La Villa 31 o Barrio Mujica tiene sonoridades históricas, no de una sola, sino de varias, muchas historias. Se puede decir que todas las tensiones territoriales de la ciudad, los flujos habitacionales heterogéneos, las biografías tan desiguales, los dispares efectos económicos, el valor de los terrenos, las terminales de ómnibus y de ferrocarril, el puerto, las grandes autopistas elevadas, convergen en lo que, en el país portuario, antes fue un gran descampado. Esos terrenos se convierten en un imán de los expulsados de sus días, de los huérfanos de toda pertenencia, que se sitúan en las viviendas inmigratorias, siempre de paso, aunque el paso dure demasiado tiempo. Y que se engrosan con cada vez con más migrantes. Para localizar y fijar en el plano de la ciudad, se le puso al aglomerado habitacional donde vivía Ramona, el número 31, fruto del conteo de algún funcionario que confeccionó una planilla de áreas anómalas, con expulsiones y relocalizaciones. Pero su historia tiene casi un siglo y hubo mutaciones poblacionales en oleadas, a las que le seguían desalojos, promesas y desidias. Que el Padre Mujica, un muchacho de la calle Gelly y Obes, con la sensibilidad del cristianismo primitivo, castigado por la iglesia haya sido enviado allí como reprimenda, significaba también una señal que seguramente el cura Carlos interpretaba como un signo promisorio, una señal que fundía en una sola tonalidad el sacrificio y la esperanza. Cuando Perón volvía al país, fue a visitarlo personalmente en la capilla Cristo Obrero.

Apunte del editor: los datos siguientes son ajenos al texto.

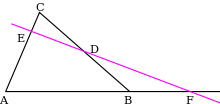 Menelaus' theorem, named for Menelaus of Alexandria, is a proposition about triangles in plane geometry. Given a triangle ABC, and a transversal line that crosses BC, AC and AB at points D, E and F respectively, with D, E, and F distinct from A, B and C, then

Hay pocos vecinos, seguramente, que cargan la memoria de las anteriores camadas sucesivas de habitantes que fueron poblando y repoblando. El nombre de Mujica, el sacerdote asesinado, el hombre llorado, sobrevuela quedamente la Villa, que es una sola, desde siempre, y que en todo momento, es otra. Nunca dejó de ser un importantísimo nudo testimonial de la ciudad, su máscara invertida. Sus pasadizos irregulares, son la contracara de las grandes Avenidas, sus edificios como dados azarosos, encajados en pilas de a cinco con milagrosa inexactitud, remedan por la inversa las casas bien ensambladas de Flores o Caballito, a las que le dan la espalda. Su techumbre de cables aéreos se asemeja a los de una central eléctrica en construcción, sus coloridas superficies pintadas por la oficina turística municipal, caricaturizan lo que esas mismas agencias hicieron en la Boca con en esas viviendas de chapa, que son la nostalgia ahora encuadrada en la historia política, financiera y futbolística del club que toma el nombre del barrio.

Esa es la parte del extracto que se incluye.